The gullets 128′ of the ring 30′ each include a low point or bottom 336″ that, when installed on a base 18, is below the top plane 96. In the illustrated embodiment, the bottom 336′ of the gullet 128′ is coincident with the top surface 296′ of the body 270′. Furthermore, the illustrated ring 30″ includes the same number of gullets 128′ as the number of gaps 208 in the dome 26. In alternative embodiments, the ring 30′ may include a number of gullets 128′ that is a multiple of the number of gaps 208 in the dome 26.
The gullets 128″ of the ring 30″ each include a low point or bottom 336″ that, when installed on a base 18, is below the top plane 96. In the illustrated embodiment, the bottom 336″ of the gullet 128″ is coincident with the top surface 296″ of the body 270″. Furthermore, the illustrated ring 30″ includes the same number of gullets 128″ as the number of gaps 208 in the dome 26. In alternative embodiments, the ring 30″ may include a number of gullets 128″ that is a multiple of the number of gaps 208.
The teeth 286″ of the ring 30″ are substantially rectangular in shape having a wider circumferential dimension than radial dimension. Each tooth 286″ also narrows as it extends axially from the top surface 296″ of the body 270″. While the illustrated teeth 286″ are rectangular, in alternative embodiments, different shapes may be used.

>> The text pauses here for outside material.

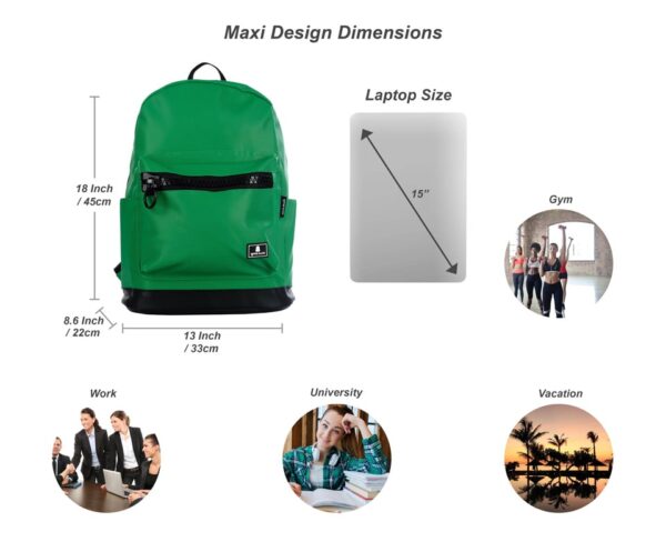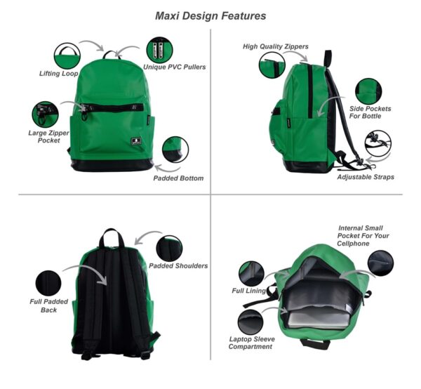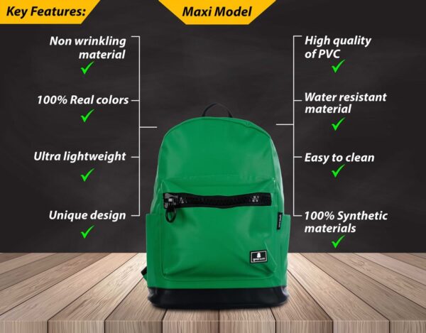 תיק מקסי הוא התיק הגדול ביותר בסדרה. הוא מגיע במגוון צבעים והדפסים. בתיק יש תא מרופד פנימי עבור המחשב הנייד שלך (עד "15), כיס קטן עבור הטלפון הסלולרי שלך, שני כיסים עבור בקבוקי מים בצדדים וכיס קדמי עם ריצרץ גדול.

In still other embodiments, the size and shape of the teeth 286″ may vary on a single ring 30″ (e.g., a portion of the teeth 286″ are rectangular, a portion are diamond, and the like).
In still other embodiments, the drain 10 is configured to flow between 40 and 120 GPM at 1″ of head pressure with an output diameter 24 of 2″. In another embodiment, the drain 10 is configured to flow between 80 and 180 GPM at 1″ of head pressure with an output diameter 24 of 2″. In still other embodiments, the drain 10 is configured to flow between 90 and 110 GPM at 1″ of head pressure with an output diameter 24 of 2″. In still other embodiments, the drain 10 is configured to flow approximately 100 GPM at 1″ of head with an output diameter 24 of 2″.
In still other embodiments, the drain is configured to flow between 225 and 400 GPM at 2″ of head pressure with an outlet diameter 24 of 4″. In still other embodiments, the drain 10 is configured to flow between 225 and 375 GPM at 2″ of head pressure with an outlet diameter 24 of 4″. In still other embodiments, the drain 10 is configured to flow between 300 and 400 GPM at 2″ of head pressure with an outlet diameter 24 of 4″. In still other embodiments, the drain 10 is configured to flow between 350 and 400 GPM at 2″ of head with an outlet diameter 24 of 4″. In still other embodiments, the drain 10 is configured to flow approximately 350 GPM at 2″ of head with an outlet diameter 24 of 4″. In still other embodiments, the drain 10 is configured to flow greater than 225 GPM at 2″ of head pressure with an outlet of 4″. In still other embodiments, the drain 10 is configured to flow at least 250 GPM at 2″ of head pressure with an outlet diameter of 4″. In still another embodiment, the drain 10 is configured to flow at least 250 GPM at 2″ of head with an outlet of at least 3″.
In still other embodiments, the drain 10 is configured to flow between 200 and 350 GPM at 2″ of head pressure with an outlet diameter 24 of 3″. In still other embodiments, the drain 10 is configured to flow between 200 and 325 GPM at 2″ of head pressure with an outlet diameter 24 of 3″. In still other embodiments, the drain 10 is configured to flow between 300 and 400 GPM at 2″ of head pressure with an outlet diameter 24 of 3″. In still other embodiments, the drain 10 is configured to flow between 300 and 350 GPM at 2″ of head pressure with an outlet diameter 24 of 3″. In still other embodiments, the drain 10 is configured to flow approximately 325 GPM at 2″ of head pressure with an outlet diameter of 3″. In still other embodiments, the drain 10 is configured to flow greater than or equal to 325 GPM at 2″ of head pressure with an outlet diameter of 3″. In still other embodiments, the drain 10 is configured to flow at least 200 GPM at 2″ of head pressure with an outlet diameter of 3″.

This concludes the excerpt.